Reproduce word for word the lines of the listing from the first one through the one with "入黨積極分子集中培訓(xùn)學習心得:淬煉初心使命筑牢信仰之基VIP免費", omitting every picture.

- **Given information**:
────────────────────────────────────────
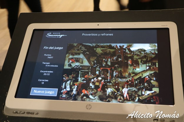 Una particularidad de estas salas que me entretuvo un buen rato fue el juego interactivo basado en el cuadro «Los Proverbios Flamencos» de Pieter Brueghel. Así, frente al cuadro mismo, hay una pantalla que muestra su imagen también, y en el que van apareciendo uno a uno el texto de 22 de los proverbios representados en la obra. El juego consiste en interpretar el refrán y buscarlo en la pintura, marcándolo en la pantalla táctil. Asimismo, hay que indicar el significado correcto. Nuestro resultado: Ubicamos 20, pero sólo acertamos en la explicación de 13 de ellos.
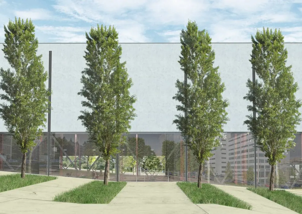 Z urbanistického hlediska se návrh výrazně neliší od stávající podoby a je v souladu s platnou územní regulací. Jedinou změnou tvaru budovy bude odstranění bočních křídel vstupní části na severní straně. Hlavní vstup zůstane na severu, boční vstupy budou nahrazeny novými výsuvnými a otevíracími okny. Na jižní fasádě vzniknou servisní vstupy a požární úniky.
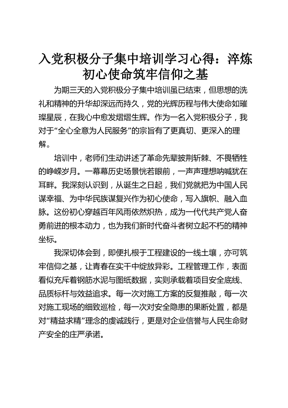 入黨積極分子集中培訓(xùn)學習心得:淬煉初心使命筑牢信仰之基VIP免費
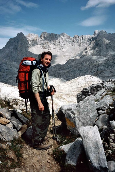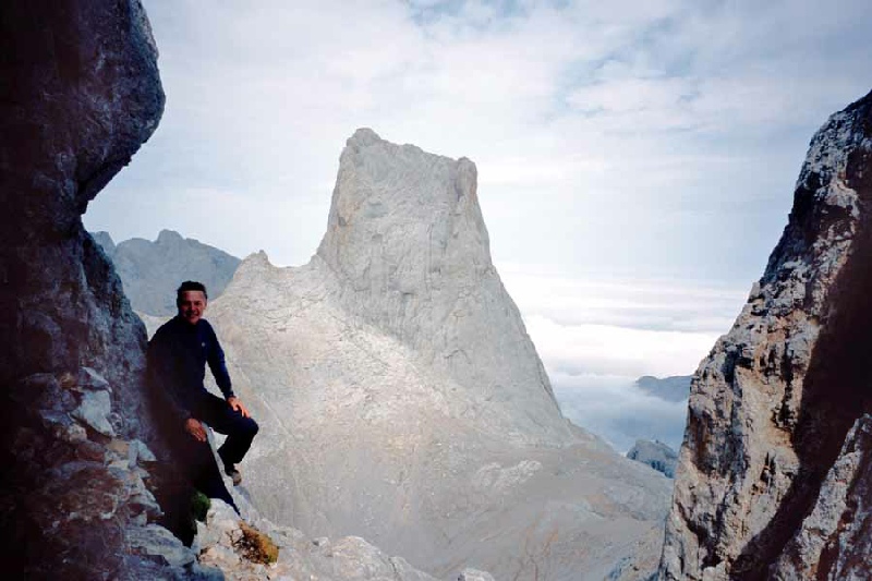 west to east, taking in the best it has to offer. Stop- The guide "Picos de Europa walks and climbs" by Robin Walker was used to help plan the route. A series of multiday walks are outlined at the back of the book, the inspiration for the route being the "Traverse of the Three Massifs". Although consulted at the planning stage, the lack of detail and maps meant the guide was not found to be very useful on the trip. The book was first published in 1989 and has not been radically updated since then. Up to date route information on path conditions was gleaned from the wardens of the refuges. Trip members were Peter and David. Further pictures are here. A DVD of the expedition is available for those planning to walk in the Picos de Europa. |
────────────────────────────────────────
- **Answer box**:
 Una particularidad de estas salas que me entretuvo un buen rato fue el juego interactivo basado en el cuadro «Los Proverbios Flamencos» de Pieter Brueghel. Así, frente al cuadro mismo, hay una pantalla que muestra su imagen también, y en el que van apareciendo uno a uno el texto de 22 de los proverbios representados en la obra. El juego consiste en interpretar el refrán y buscarlo en la pintura, marcándolo en la pantalla táctil. Asimismo, hay que indicar el significado correcto. Nuestro resultado: Ubicamos 20, pero sólo acertamos en la explicación de 13 de ellos.
 Z urbanistického hlediska se návrh výrazně neliší od stávající podoby a je v souladu s platnou územní regulací. Jedinou změnou tvaru budovy bude odstranění bočních křídel vstupní části na severní straně. Hlavní vstup zůstane na severu, boční vstupy budou nahrazeny novými výsuvnými a otevíracími okny. Na jižní fasádě vzniknou servisní vstupy a požární úniky.
 入黨積極分子集中培訓(xùn)學習心得:淬煉初心使命筑牢信仰之基VIP免費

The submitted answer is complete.